ACTIVITY
Exact reproduction required: the lines below from the line with "POZEMOK: Je o" to the line with "Plush Rabbit Pendant", both ends included, and no others.

Start of EXTRACTED MATERIAL

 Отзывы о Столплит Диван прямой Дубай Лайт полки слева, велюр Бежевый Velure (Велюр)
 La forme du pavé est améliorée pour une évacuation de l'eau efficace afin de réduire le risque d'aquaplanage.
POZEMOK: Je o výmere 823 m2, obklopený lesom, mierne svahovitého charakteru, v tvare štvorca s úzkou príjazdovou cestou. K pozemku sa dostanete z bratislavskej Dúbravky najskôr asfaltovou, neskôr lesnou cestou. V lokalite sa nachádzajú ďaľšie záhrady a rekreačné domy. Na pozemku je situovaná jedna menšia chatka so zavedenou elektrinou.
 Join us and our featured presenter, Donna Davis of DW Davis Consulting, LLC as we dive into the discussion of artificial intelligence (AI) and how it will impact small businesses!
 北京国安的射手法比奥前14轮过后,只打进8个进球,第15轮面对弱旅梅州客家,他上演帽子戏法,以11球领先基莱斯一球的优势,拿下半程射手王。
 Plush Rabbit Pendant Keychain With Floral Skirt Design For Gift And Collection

End of EXTRACTED MATERIAL
Start of EXTRACTED MATERIAL

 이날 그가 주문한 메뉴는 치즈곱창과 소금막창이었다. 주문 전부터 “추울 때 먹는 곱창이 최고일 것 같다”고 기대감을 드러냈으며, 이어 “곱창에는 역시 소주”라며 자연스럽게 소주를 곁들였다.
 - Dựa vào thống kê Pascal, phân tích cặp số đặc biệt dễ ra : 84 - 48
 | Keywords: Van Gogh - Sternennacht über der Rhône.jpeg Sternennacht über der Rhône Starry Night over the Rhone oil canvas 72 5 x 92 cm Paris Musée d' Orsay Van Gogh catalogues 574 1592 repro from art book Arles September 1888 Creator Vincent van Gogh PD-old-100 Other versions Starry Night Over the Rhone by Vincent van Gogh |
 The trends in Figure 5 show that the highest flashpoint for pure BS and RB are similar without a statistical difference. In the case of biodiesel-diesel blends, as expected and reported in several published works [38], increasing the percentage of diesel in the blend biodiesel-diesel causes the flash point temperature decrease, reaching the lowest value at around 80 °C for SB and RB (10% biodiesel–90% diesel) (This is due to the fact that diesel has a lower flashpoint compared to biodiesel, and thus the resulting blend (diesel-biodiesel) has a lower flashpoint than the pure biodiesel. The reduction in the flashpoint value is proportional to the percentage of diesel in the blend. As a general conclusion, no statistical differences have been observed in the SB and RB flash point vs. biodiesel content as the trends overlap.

End of EXTRACTED MATERIAL

ANSWER TO THIS TASK
POZEMOK: Je o výmere 823 m2, obklopený lesom, mierne svahovitého charakteru, v tvare štvorca s úzkou príjazdovou cestou. K pozemku sa dostanete z bratislavskej Dúbravky najskôr asfaltovou, neskôr lesnou cestou. V lokalite sa nachádzajú ďaľšie záhrady a rekreačné domy. Na pozemku je situovaná jedna menšia chatka so zavedenou elektrinou.
 Join us and our featured presenter, Donna Davis of DW Davis Consulting, LLC as we dive into the discussion of artificial intelligence (AI) and how it will impact small businesses!
 北京国安的射手法比奥前14轮过后,只打进8个进球,第15轮面对弱旅梅州客家,他上演帽子戏法,以11球领先基莱斯一球的优势,拿下半程射手王。
 Plush Rabbit Pendant Keychain With Floral Skirt Design For Gift And Collection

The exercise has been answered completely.